Believe it or not I haven't, I have been lucky. All the parents have been great and because of coaching basketball and flag football I have met some amazing parents and kids who I hang out with now.

The worst I have witnessed was last year during a travel game. I was not coaching the team. The grandfather of a travel player on a team my son was on was screaming at the ref and the time keepers. It was embarrassing.

Last game of the year, and I only heard part of the conversation because I was walking by the same grandfather pointed to my son and said something to the effective of that kid isn't good and he must be the coaches son so that is why he is playing.

I would have said something to him but I didn't hear enough to be 100% sure what he was talking about.
 
I'm as involved as they are. My daughter has tried a lot of stuff but the only thing she actively likes is this hip hop dance class she's in lol.
 
Just don't be like lots of pee wee Hockey parents. In Quebec they take this shit seriously and I've seen lots of parents going ape shit and kicked out of the arenas.

HockeyRules_blog.jpg

This is great.

My fiancee's family gets way too fired up at the high school hockey games, but usually at the home team's coach. It's embarrassing to me and I stopped going to her brother's games because of it.
 
This is great.

My fiancee's family gets way too fired up at the high school hockey games, but usually at the home team's coach. It's embarrassing to me and I stopped going to her brother's games because of it.

Do NOT mess with hockey in MA, I've always been told. "Hockey Moms" is a term I hear thrown around with reckless abandon.
 
Can't speak as a parent, because I have no kids.

But my father was a professional athlete, a baseball pitcher, and taught me every facet of the game.

When I didn't do well, he never came down hard on me or soured my appreciation of the sport. He used to tell me never to take it too seriously and just enjoy every moment of every practice and my skills will carry me. I won a few little league championships and made the varsity team in my freshman year of high school where I started as a shortstop and even pitched against much larger upper classmen even at that young age towards the end of the season.

When I finished my freshman year, I didn't want to play anymore and totally lost interest in the sport because I wanted a more normal life that wasn't so focused on athletics. Not once did he ever object or say that I had to stick with it. He simply told me that it's not worth it if it wasn't something that made me happy.

The bottom line is this: If your kid doesn't enjoy the game he won't improve. If you're hard on him at such a young age, he won't enjoy the game. So by being hard on him, you will absolutely stunt his development as a basketball player.
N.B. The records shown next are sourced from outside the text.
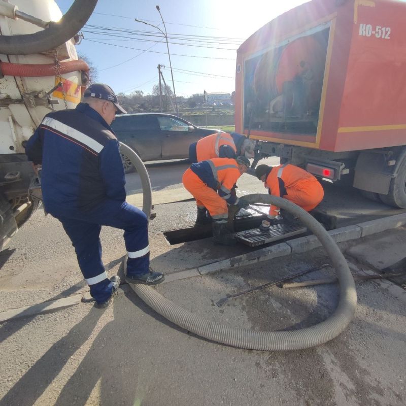 Водоканал: Рабочие моменты. Прочистка ливневых коллекторов спецтехникой на ул. Карантинной и ул. Пожарова Фото Николая Ерёмина
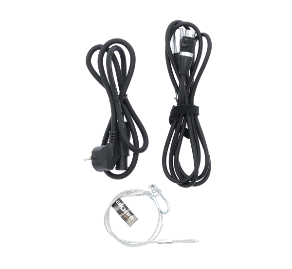 - Livré avec câble d’alimentation et DMX et leur velcro attache-câble, double lyre d’accroche et élingue de sécurité
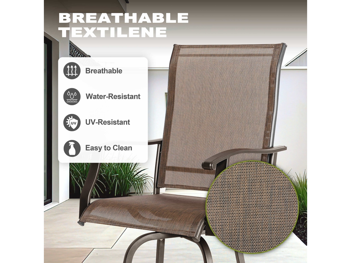 Breathable Textilene Fabric: Made of solid fiber with a tight weave, our durable textilene fabric provides the best support and comfort while remaining breathable, so you won’t feel sore or sultry after prolonged sitting in the hot summer.

The only thing you can do is guide him constructively, and show him ways to improve when he's ready to be receptive to learning new things. It's almost statistically certain that he will not be a professional ball player. Period. But it will become more than just statistical certainty if he isn't loving and breathing the game every day because it's his passion. Do not expect your kid to have any future in sports because, quite frankly, it's a selfish and completely unrealistic expectation.

So just foster his passions (no matter what they may be) and come to grips like a mature adult that your kid is not going to be the best at most things in life. He's going to get outclassed in many competitions as he gets older and that's just how life works.

Your focus as the parent is NOT to teach him how to win but rather to teach him how to be happy and fulfilled in the face of adversity. It's to show him how to find his passion an how to invest in that passion in a healthy way that brings his life meaning.

Forcing him to care in the long term sense (in contrast to the typical motivational speech that a coach would give before a game in the short term sense) is going into territories that you shouldn't go as a parent. Avoid that.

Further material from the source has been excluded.